- [WHAT TO WORK ON]: Look through the entries below for the line with "上图是真实数据:如果有人在 1978 年买了" and the line with "If there’s one", then give again exactly those two lines and all lines between them, minus the pictures.
START DATA FOR THIS TASK
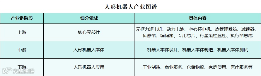 人形机器人产业链上游硬件为零部件供应,核心零部件包括谐波减速器、无框力矩电机、空心杯电机、行星滚柱丝杠、编码器、传感器、轴承等;软件算法部分包括高动态性能的控制算法(小脑)、具有泛化性的具身智能及非常接近人的通用人工智能(机器人“大脑”)。
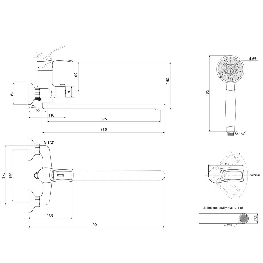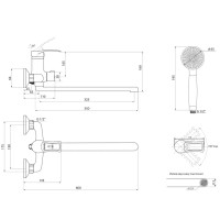 Комплектация: Смеситель, шланг, душевая лейка, держатель душевой лейки, эксцентрики, декоративные отражатели;
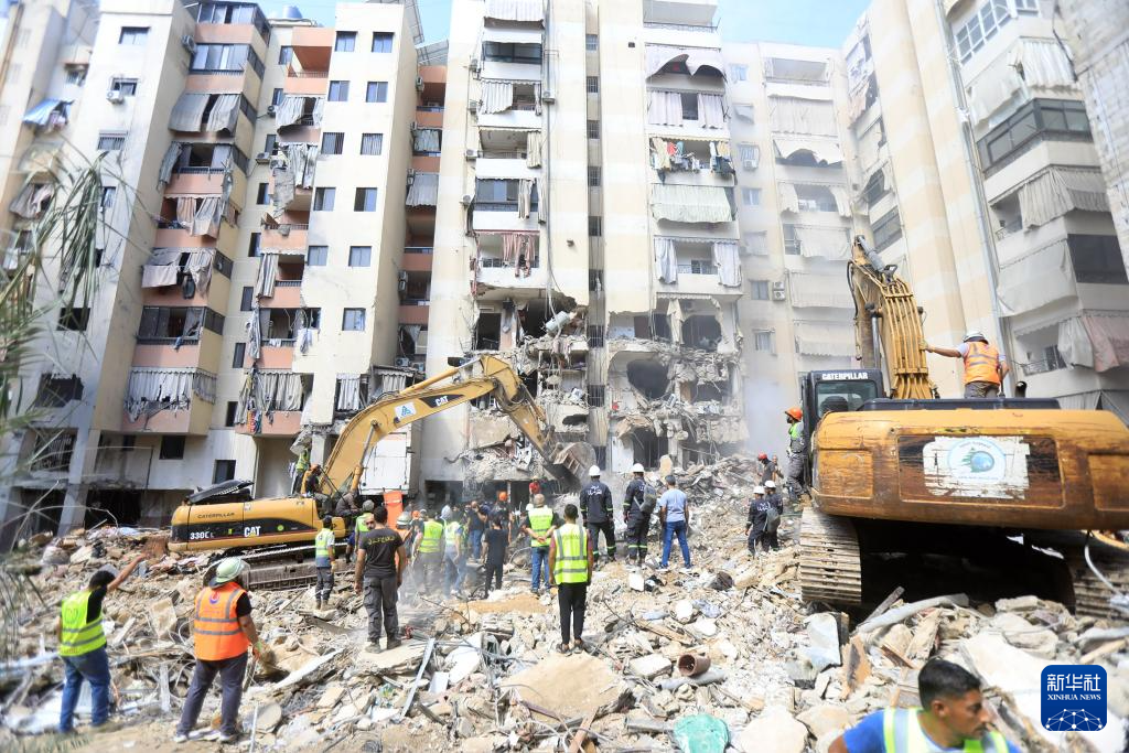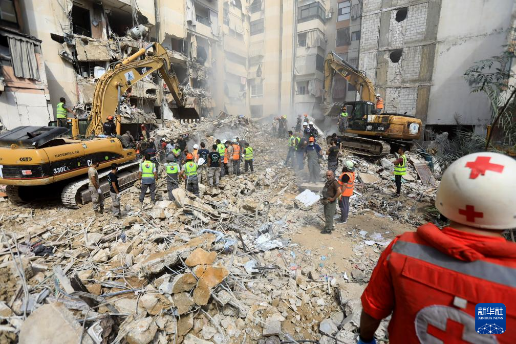9月21日,救援人員在黎巴嫩貝魯特的襲擊現場工作。新華社發(比拉爾·賈維希攝)
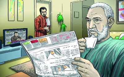 رسم تعبيري (غرافيك) يظهر تربّص الابن لضرب والده بساطور. من المصدر
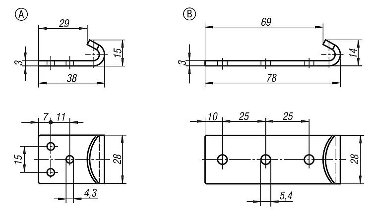 Placas de retención para cierres acodados con brida de sujeción triangular hasta 6500N, ajustables, forma B
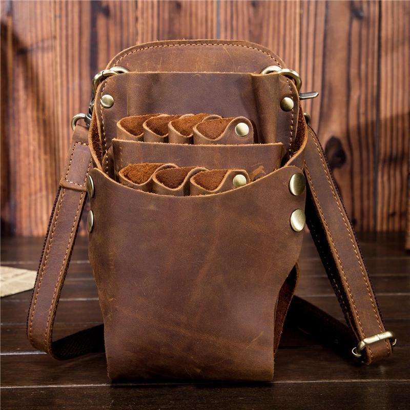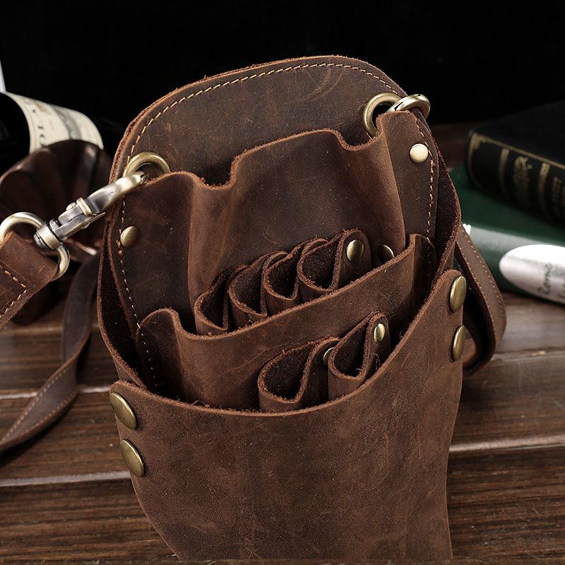 Design: Cool Leather Belt Pouch Mens Hairstylist Tool Barber Pouch Scissor Case for Men
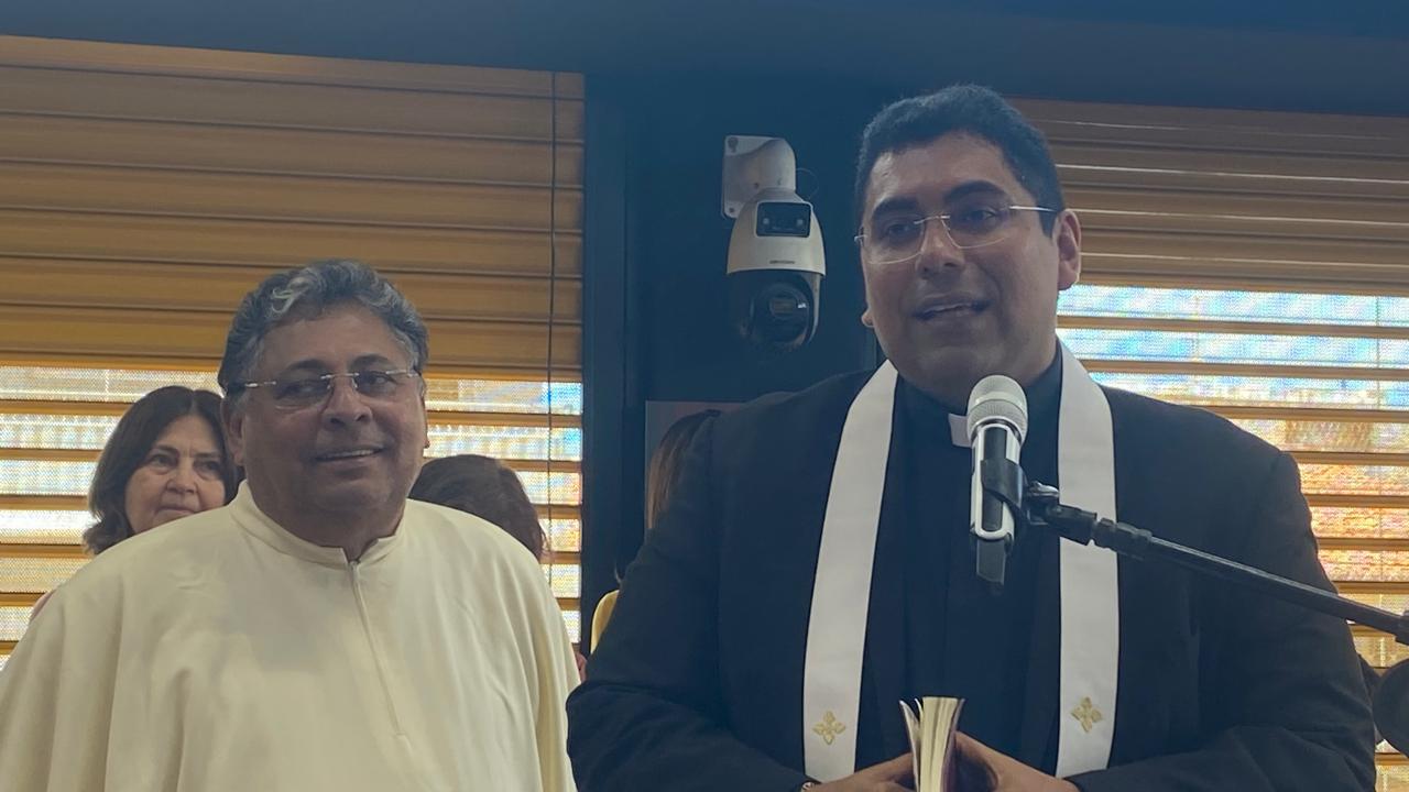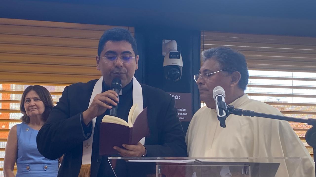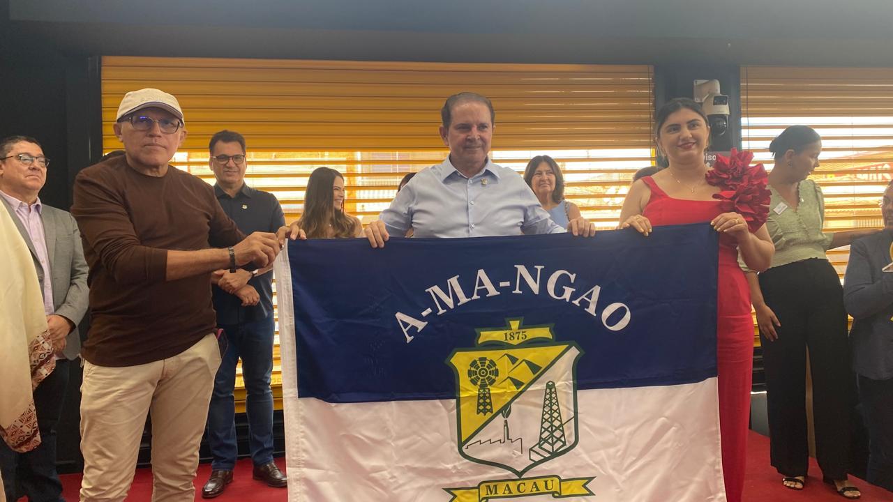 Ainda na manhã marcada por surpresas e emoção, o empresário Jorge Medeiros recebeu uma Moção de Aplausos, concedida pela Mesa Diretora da Câmara Municipal de Macau e entregue pela presidente da Casa, vereadora Ceição Lins. A bênção solene foi presidida pelos padres Antônio Murilo de Paiva e João Batista Nunes Filho.
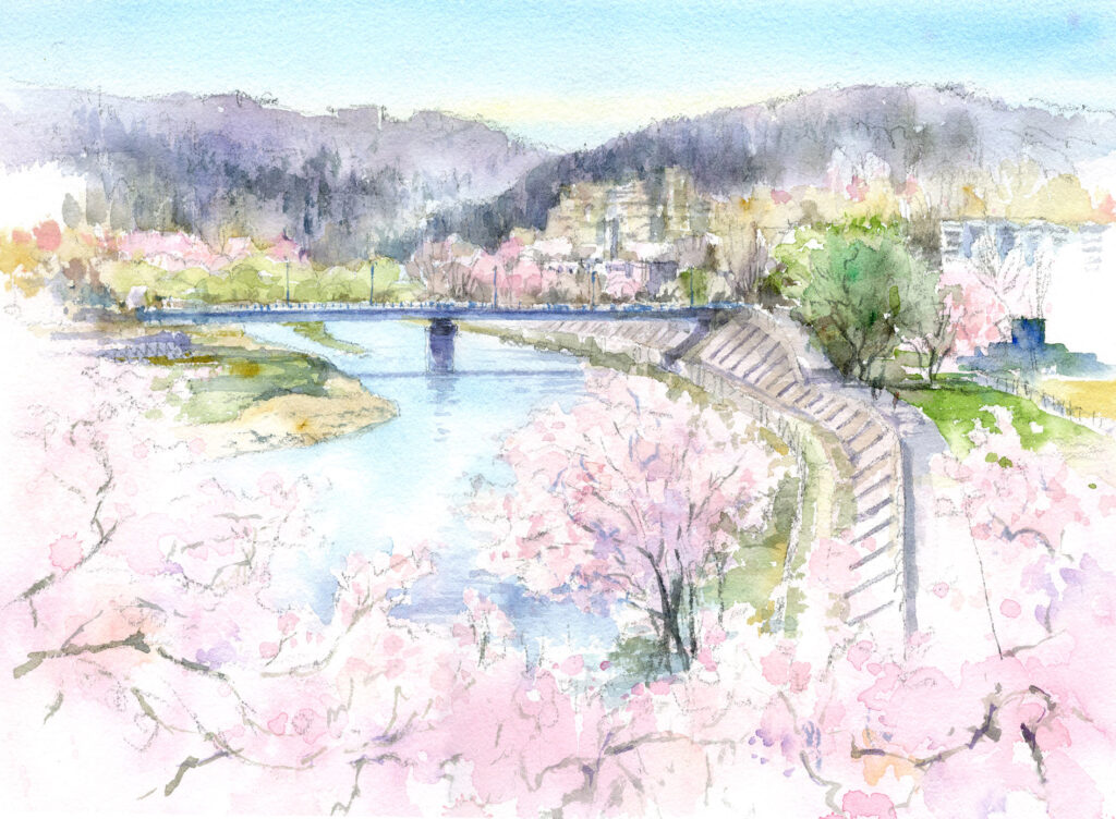 この作品『桜色と広瀬川』は、そんな“仙台の春の一瞬”を、水彩で静かにすくい取った一枚です。
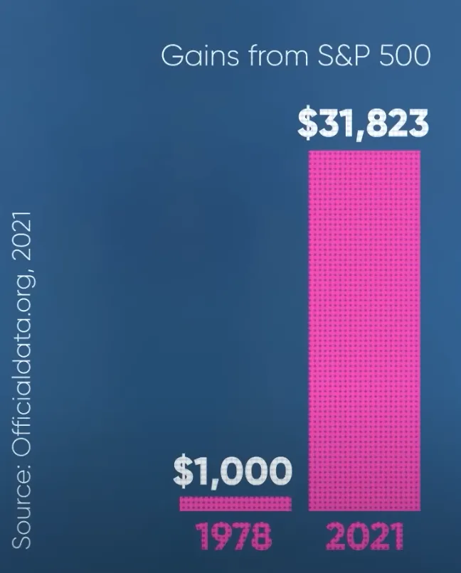 上图是真实数据:如果有人在 1978 年买了 1000 美元标普 500 指数基金,到 2021 年加上收益就是 31823 美元了。
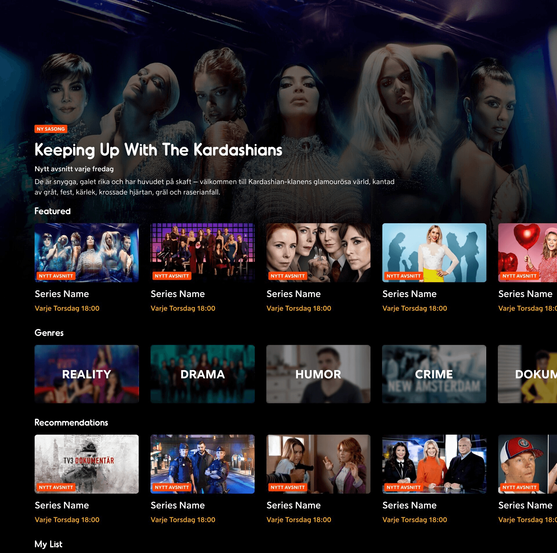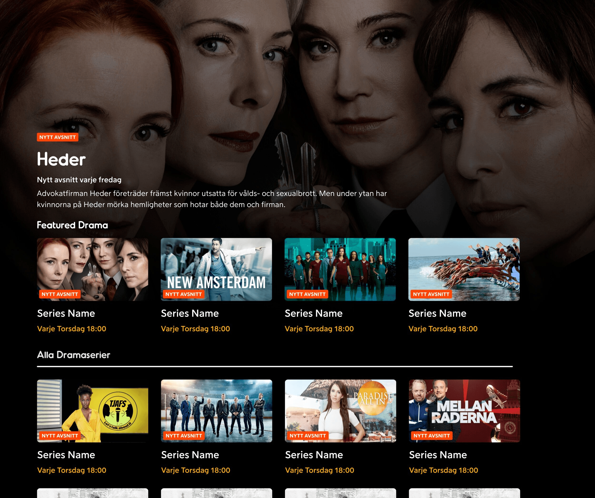The genre pages have received a similar touch up. They have the featured area for the promoted items set by content editors instead of just the entire list of content. The content grid has been updated to show the updated cards for series with proper titling of content sections.
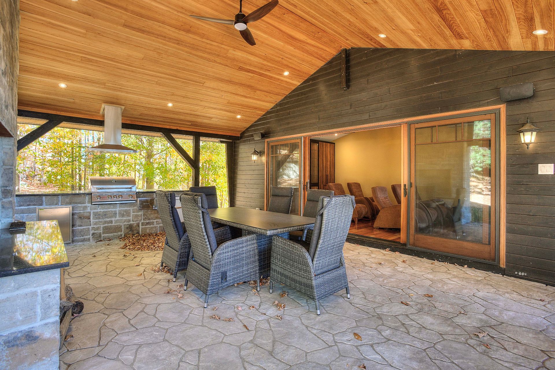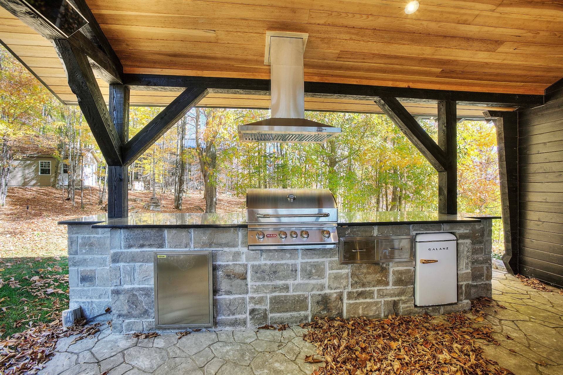 - Addition of the back terrace including an outdoor kitchen with BBQ and fireplace
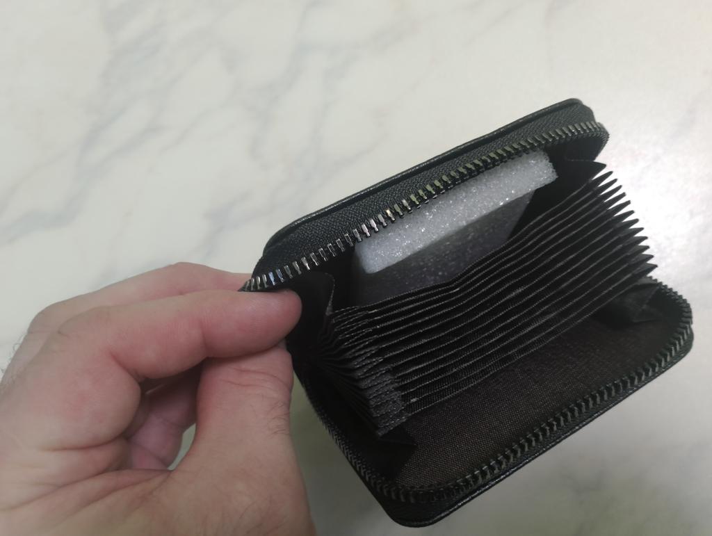 Zgodnie z opisem - dobry rozmiar, który dobrze leży w dłoni - 12 kieszeni na wszystkie moje karty.
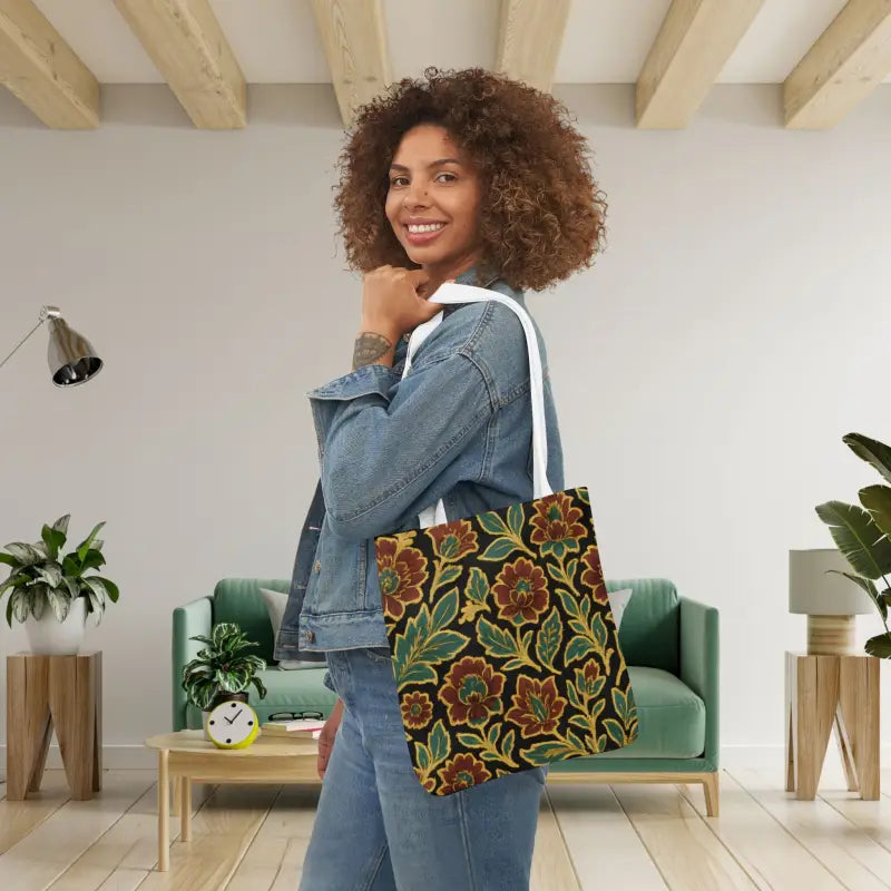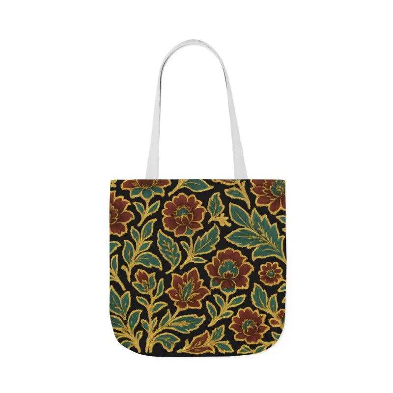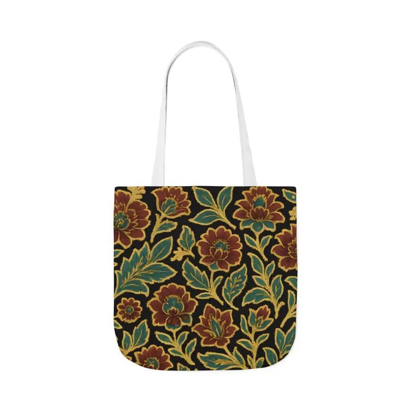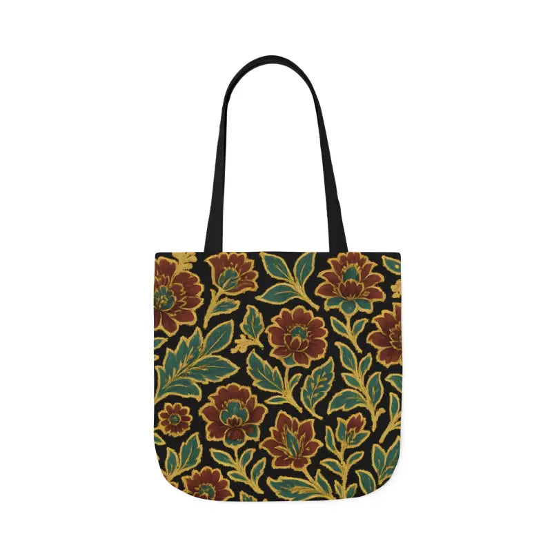 - A perfect blend of functionality and fashion, this floral canvas tote adds personality to any outfit.
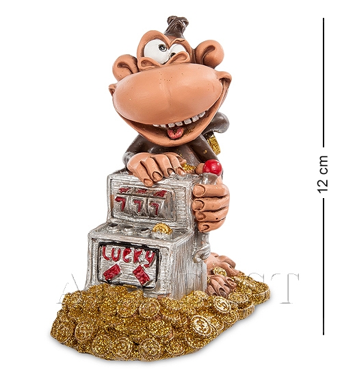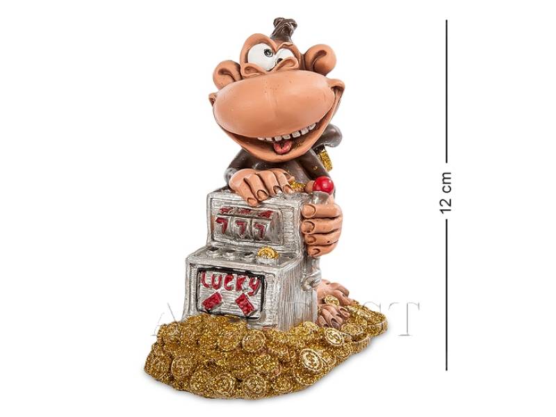 Веселая обезьянка, изображенная с одноруким бандитом, на барабанах которого застыли магические цифры 777, это подарок на счастье, подарок на фарт. Неважно, кому его дарить - обезьянка вызовет улыбку и понравится кому угодно, даже ребенку.
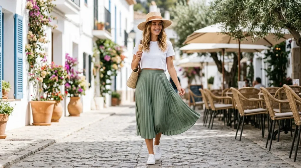 If there’s one look that captures the spirit of 2026 summer fashion, it’s this one. A sage green pleated skirt with a white crop top is light, bright, and full of good energy.
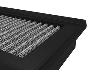 This filter features three layers of oil-free synthetic media and requires no oil during maintenance to provide maximum convenience. Its progressive layering provides great filtration efficiency and dust holding capacity. This media is best suited for street use. Pro DRY S filters are easily recharged with aFe's POWER CLEANER. aFe POWER performance air filters use a rounded, evenly spaced pleat design which allows for more usable filter surface area, providing increased flow and greater dust holding capacity. This pliable sealing surface conforms to even the most uneven filter housing, making for a perfect filter fit and sealing surface every time. This design eliminates the use of gaskets or sealants and always goes back to its original form. All aFe POWER flat panel performance air filters are constructed with a full 360-degree polyurethane frame. Unlike other materials that degrade after repeated heat cycles in an engine bay, polyurethane maintains its original molded shape.
END DATA FOR THIS TASK
- [EXPECTED OUTPUT]:
 上图是真实数据:如果有人在 1978 年买了 1000 美元标普 500 指数基金,到 2021 年加上收益就是 31823 美元了。
The genre pages have received a similar touch up. They have the featured area for the promoted items set by content editors instead of just the entire list of content. The content grid has been updated to show the updated cards for series with proper titling of content sections.
 - Addition of the back terrace including an outdoor kitchen with BBQ and fireplace
 Zgodnie z opisem - dobry rozmiar, który dobrze leży w dłoni - 12 kieszeni na wszystkie moje karty.
 - A perfect blend of functionality and fashion, this floral canvas tote adds personality to any outfit.
 Веселая обезьянка, изображенная с одноруким бандитом, на барабанах которого застыли магические цифры 777, это подарок на счастье, подарок на фарт. Неважно, кому его дарить - обезьянка вызовет улыбку и понравится кому угодно, даже ребенку.
 If there’s one look that captures the spirit of 2026 summer fashion, it’s this one. A sage green pleated skirt with a white crop top is light, bright, and full of good energy.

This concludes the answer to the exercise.